-- The problem --
Pictures appear in the records below; write out everything else exactly.

:: Task input

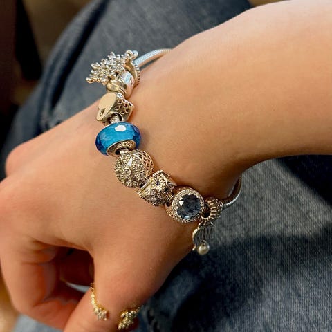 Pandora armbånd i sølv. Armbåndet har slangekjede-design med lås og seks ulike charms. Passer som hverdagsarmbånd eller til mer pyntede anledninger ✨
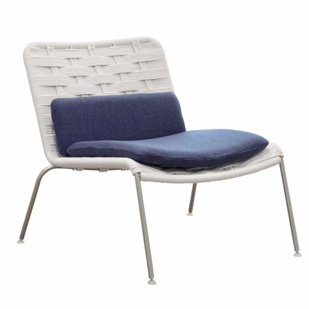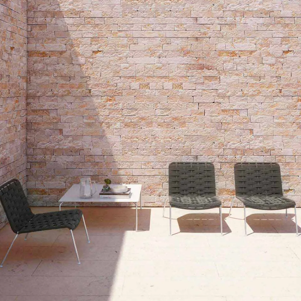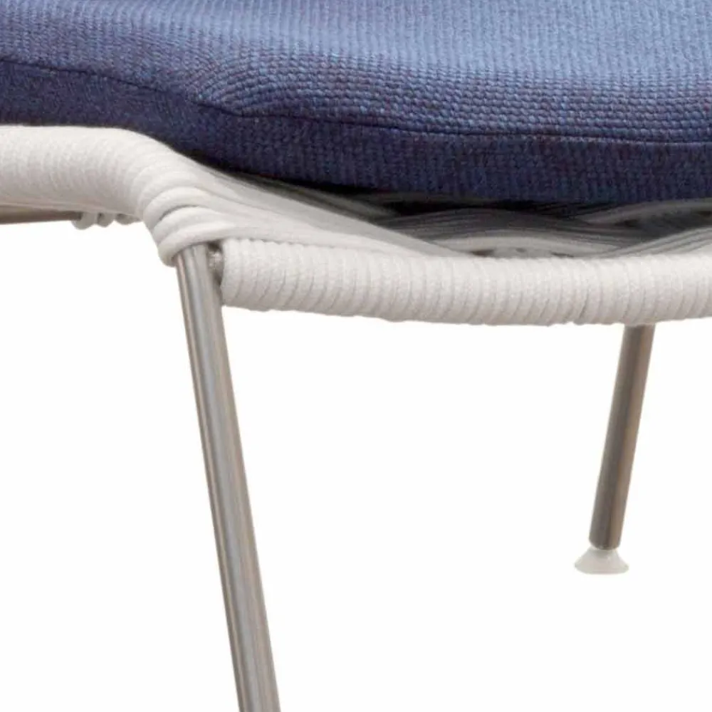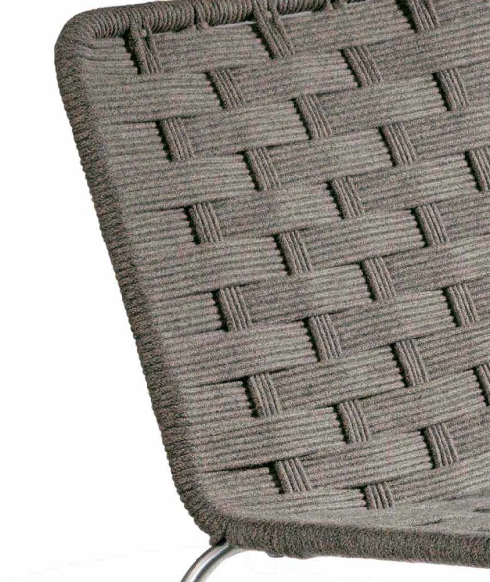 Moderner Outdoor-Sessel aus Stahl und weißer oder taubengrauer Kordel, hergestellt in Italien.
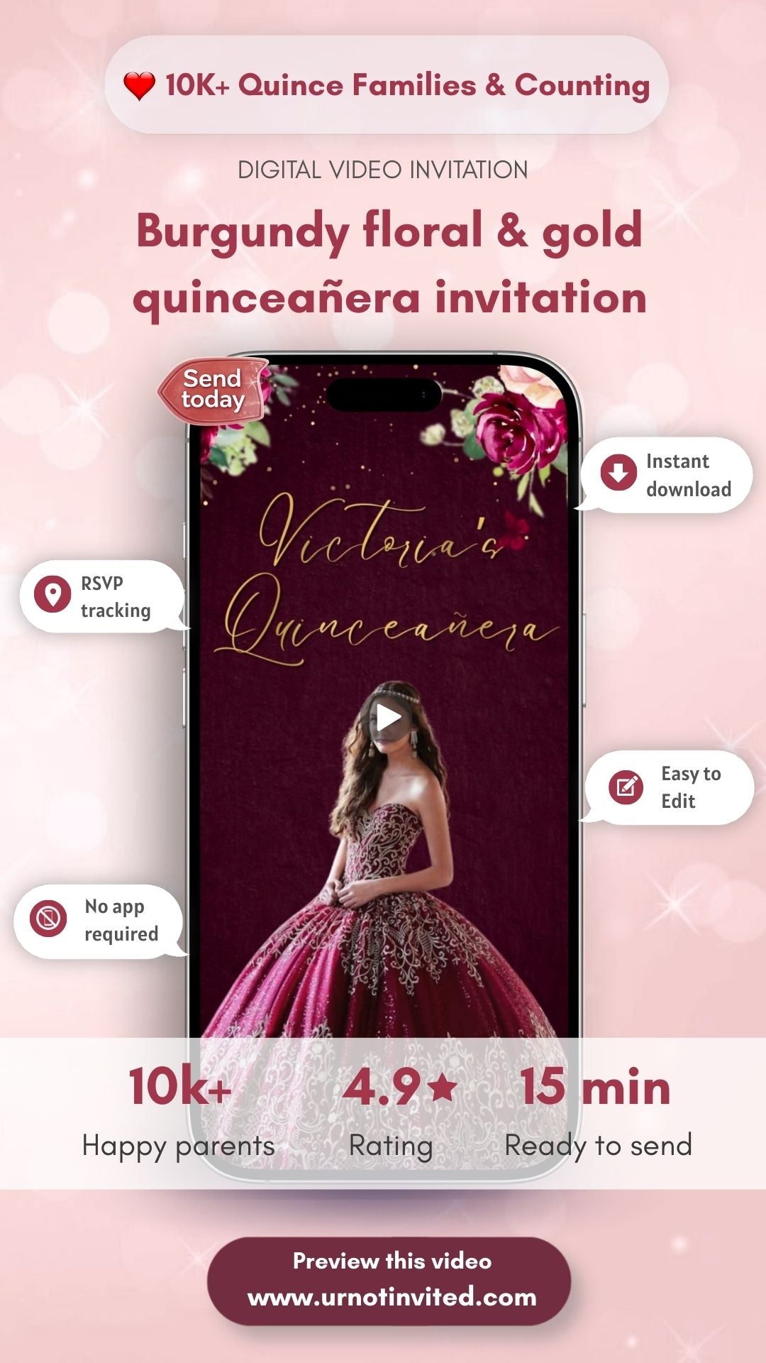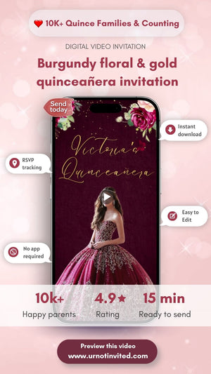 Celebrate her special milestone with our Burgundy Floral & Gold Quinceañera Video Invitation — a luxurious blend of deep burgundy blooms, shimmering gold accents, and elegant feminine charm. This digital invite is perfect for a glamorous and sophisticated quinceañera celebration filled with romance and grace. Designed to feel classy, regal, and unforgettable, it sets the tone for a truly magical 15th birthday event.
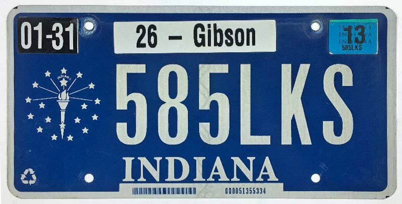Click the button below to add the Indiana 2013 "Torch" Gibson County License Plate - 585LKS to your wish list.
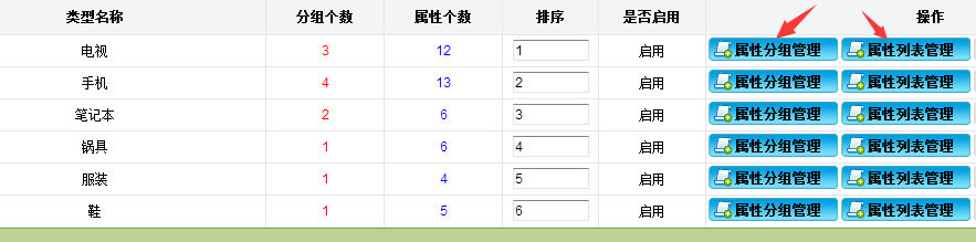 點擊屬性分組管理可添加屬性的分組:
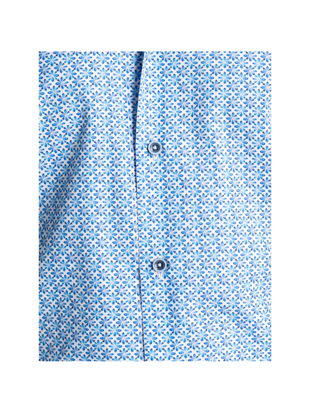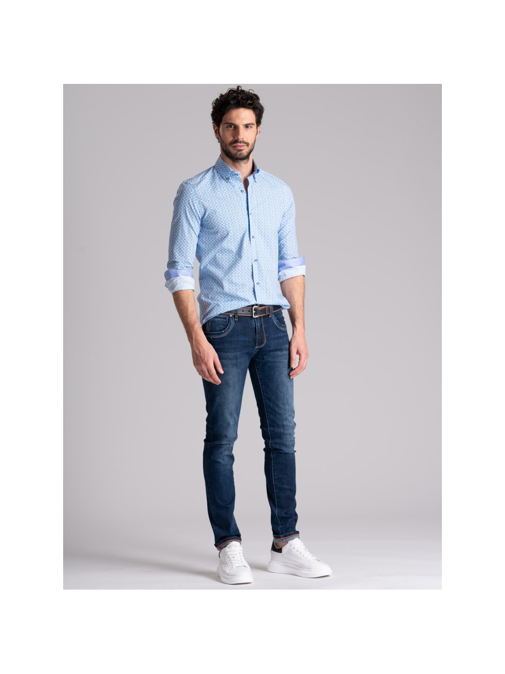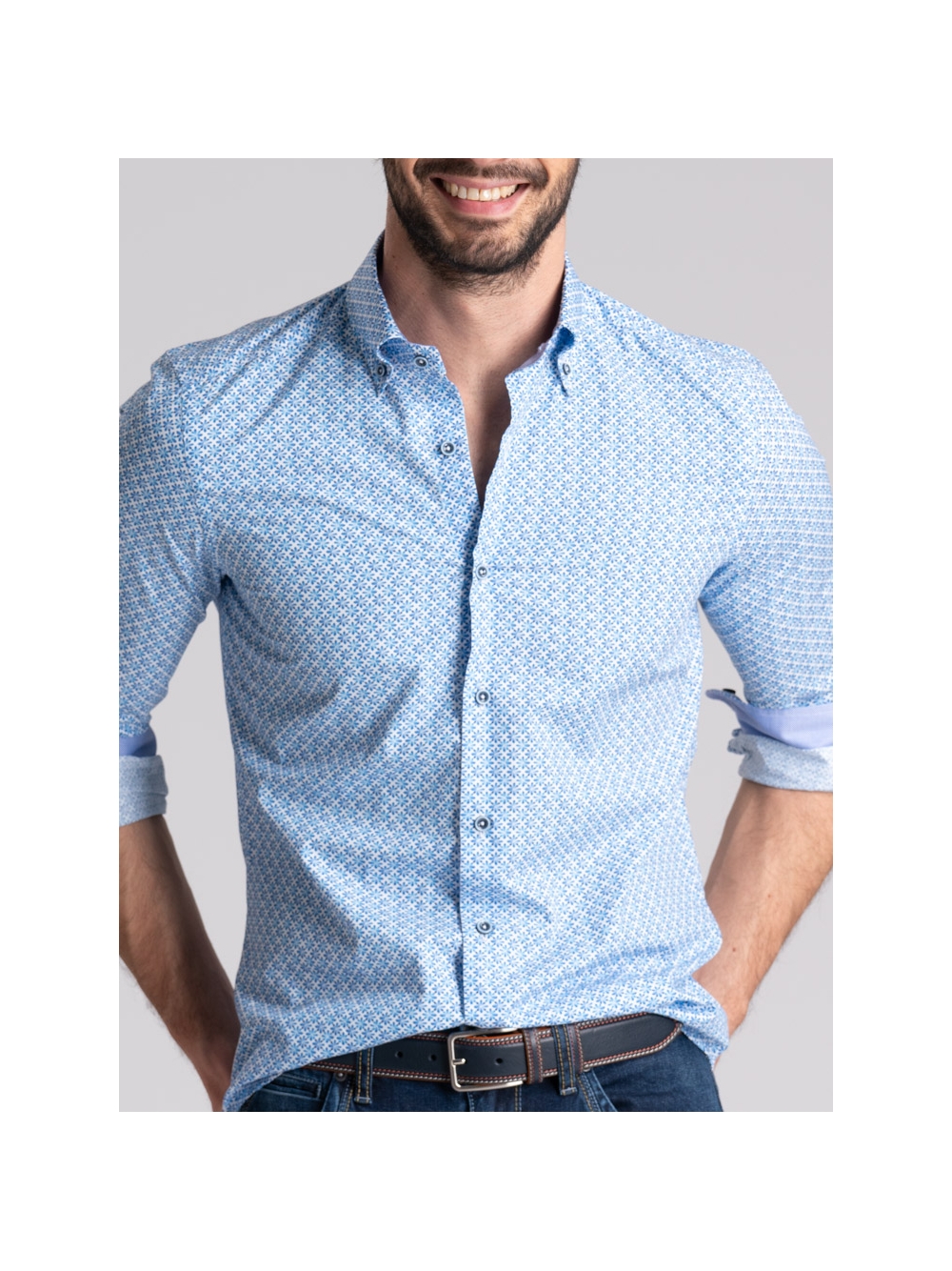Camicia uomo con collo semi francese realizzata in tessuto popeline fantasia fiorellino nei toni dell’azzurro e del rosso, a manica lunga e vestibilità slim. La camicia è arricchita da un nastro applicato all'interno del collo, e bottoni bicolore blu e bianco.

::::

-- Solution for this exercise --
 Pandora armbånd i sølv. Armbåndet har slangekjede-design med lås og seks ulike charms. Passer som hverdagsarmbånd eller til mer pyntede anledninger ✨
 Moderner Outdoor-Sessel aus Stahl und weißer oder taubengrauer Kordel, hergestellt in Italien.
 Celebrate her special milestone with our Burgundy Floral & Gold Quinceañera Video Invitation — a luxurious blend of deep burgundy blooms, shimmering gold accents, and elegant feminine charm. This digital invite is perfect for a glamorous and sophisticated quinceañera celebration filled with romance and grace. Designed to feel classy, regal, and unforgettable, it sets the tone for a truly magical 15th birthday event.
Click the button below to add the Indiana 2013 "Torch" Gibson County License Plate - 585LKS to your wish list.
 點擊屬性分組管理可添加屬性的分組:
Camicia uomo con collo semi francese realizzata in tessuto popeline fantasia fiorellino nei toni dell’azzurro e del rosso, a manica lunga e vestibilità slim. La camicia è arricchita da un nastro applicato all'interno del collo, e bottoni bicolore blu e bianco.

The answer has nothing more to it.